Schematic representation of proMMP-9 activation by an aprotinin sensitive protease during IL-1β stimulation of pulmonary artery smooth muscle cells. IL-1β treatment to the cells stimulates TGF-β and TNF-α. TGF-β stimulates expression of proMMP-9, while TNF-α activates proMMP-9 via an increase in a ~43 kDa aprotinin sensitive protease concomitant with the down regulation of aprotinin and TIMP-1 expression

Influenza

Influenza viruses are highly infectious and trigger acute respiratory diseases with significant morbidity and mortality in humans and other animals [43–46].

Influenza viruses can be classified as A, B, or C. Influenza virus A, found in humans and other mammals and birds, played a nefarious role in causing the three twentieth century major influenza outbreak and also the influenza outbreak of swine origin that occurred in the recent past [47]. Many of the influenza A-related mortalities are attributable to secondary bacterial pneumonia [48, 49].
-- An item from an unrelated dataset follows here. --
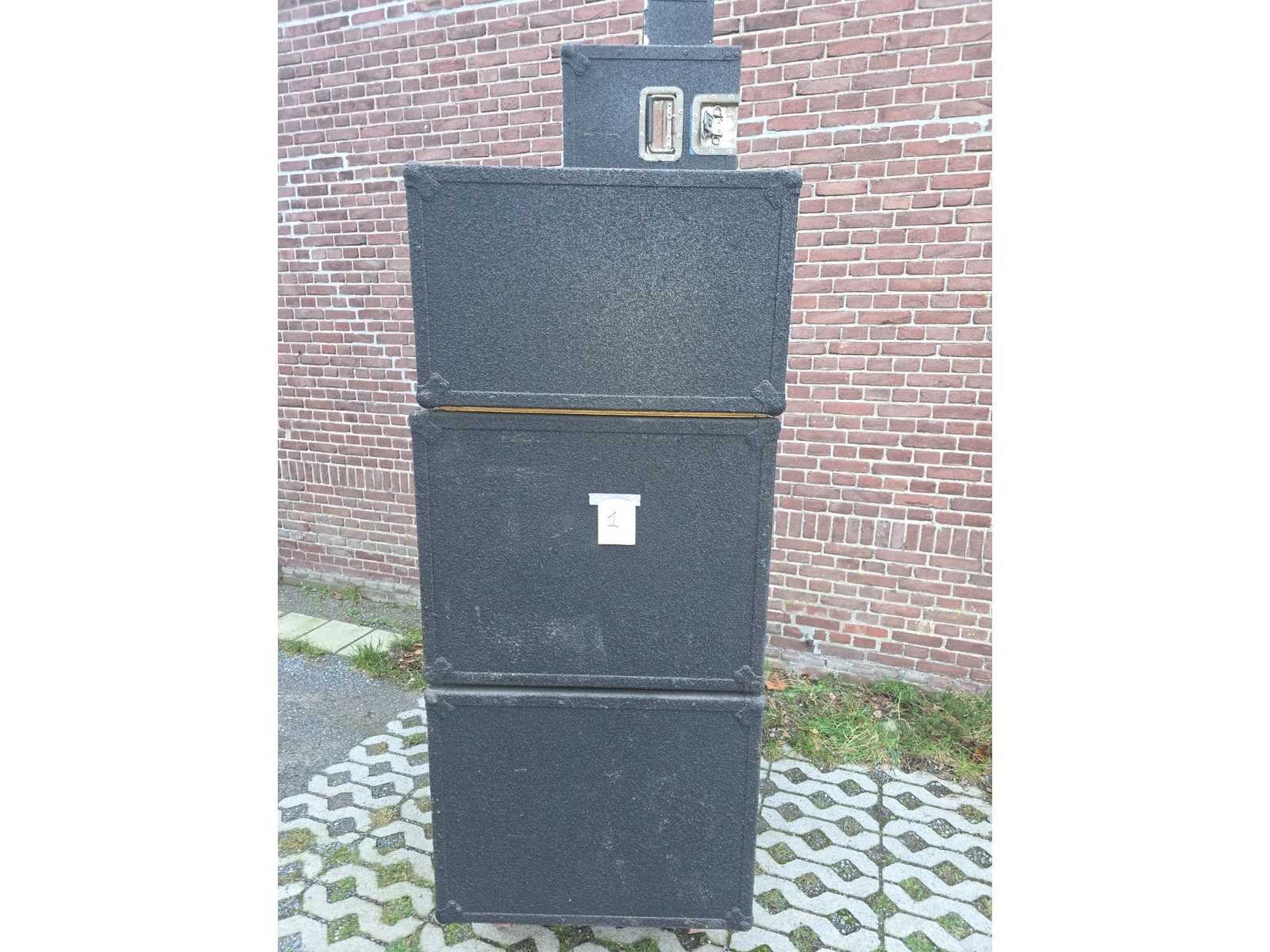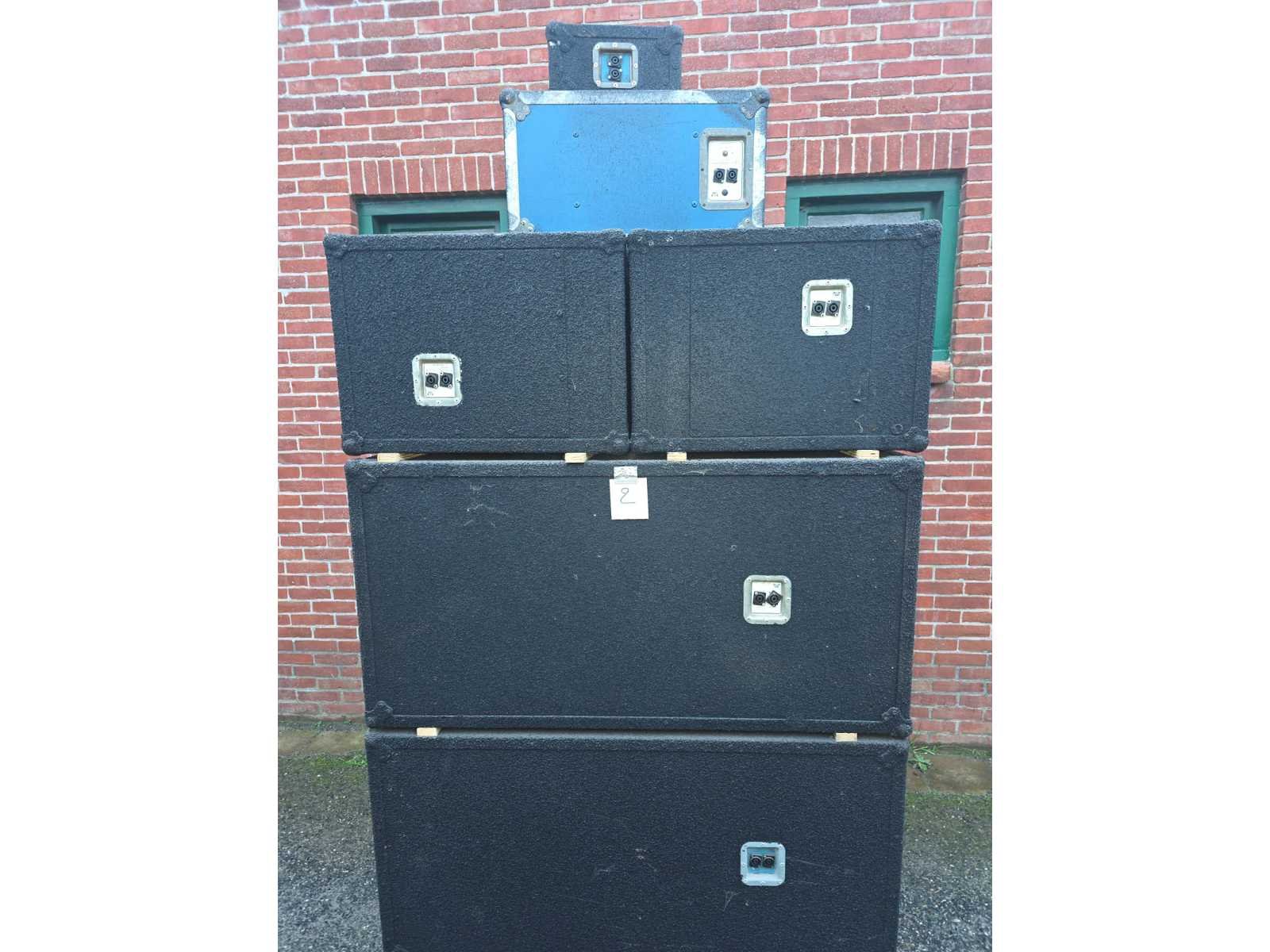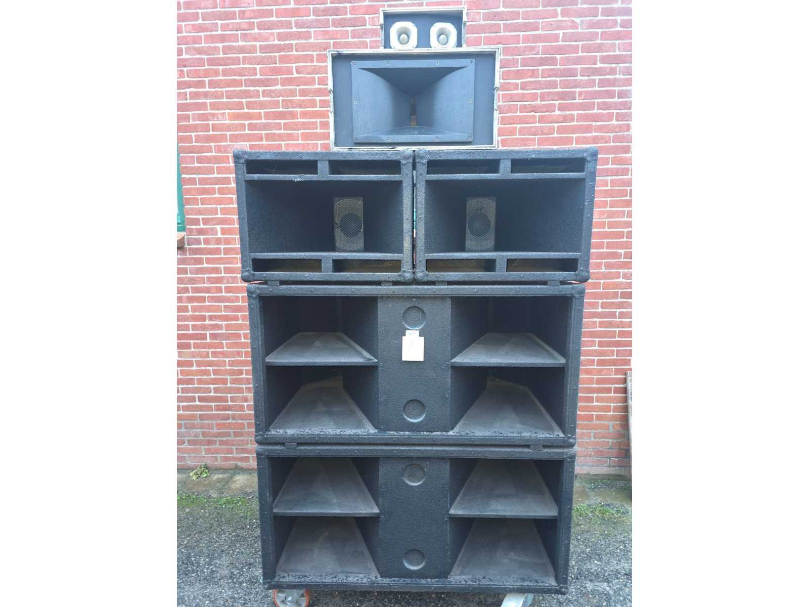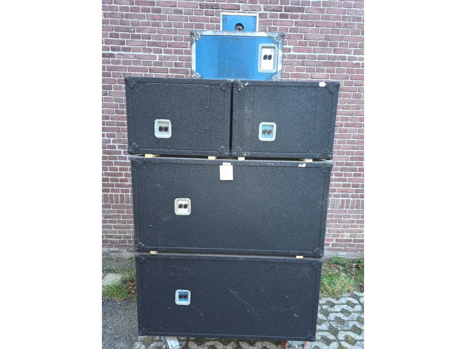 Volledige sound system; volledig gereviseerd speelt zeer zuiver; nummer 1 tot en met 5; Stage Accompany complete 4-weg PA set – 8 subs, 8 mids, 4 tops, 4 fills + 2 racks versterkers; klassiek Nederlands topmerk in professionele audio. Dit is een compleet 4-weg PA systeem, perfect voor clubs, festivals, soundsystems of verzamelaars; 8x SA subkasten (laag); 8x SA middenkasten (mid); 4x SA topkasten (high); 4x kleine boksen/frontfills; 2x amp racks met elk 3 eindversterkers (SA 500A, 900B, 900C etc. → totaal 6 versterkers); Inclusief flightcases & bekabeling; nummer 7, DAP AUDIO 4X 350W gecontroleerd en functioneerd met 4X statief voor de boksen; nummer 8, zware degelijke boksen met 2X statief; nummer 9, verschillend audio en licht materiaal. Draaitafels, lasers, moving heads, versterkers, een BEHRINGER DDX3216 en 4 dozen vol met kabels voor audio en licht apparatuur; nummer 10, set aluminium truss staanders/towers (zie foto); Geschikt voor lichtbrug, DJ setup, podium, evenementen, beurs of decorbouw; Materiaal: aluminium; Kleur: zilver; Aantal: 6 stuks met montage onderdelen; Staat: Goed werkend, netjes onderhouden. Drivers, hoorns en versterkers functioneren naar behoren; kijkdag op afspraak; afhalen op afspraak;

Haemagglutinin (HA) protein contributes critically to influenza virus-mediated pathogenicity. HA of influenza virus binds to sialic acid containing cell surface receptors. HA upon cleavage by a good number of host of protease(s) forms HA1 and HA2 subunits and that has been fused with host cell membrane, which subsequently initiates the infection process [49–52]. In most cases, the cleavage site of HA of avian and mammalian influenza viruses is a single arginine, albeit a single lysine amino acid has also been observed at the cleavage site in some cases. Cleavage can occur extracellularly by trypsin [53, 54] and proteases such as plasmin [55–57], tryptase of bronchiolar epithelial and mast cells [58], and also by bacterial proteases [59–61].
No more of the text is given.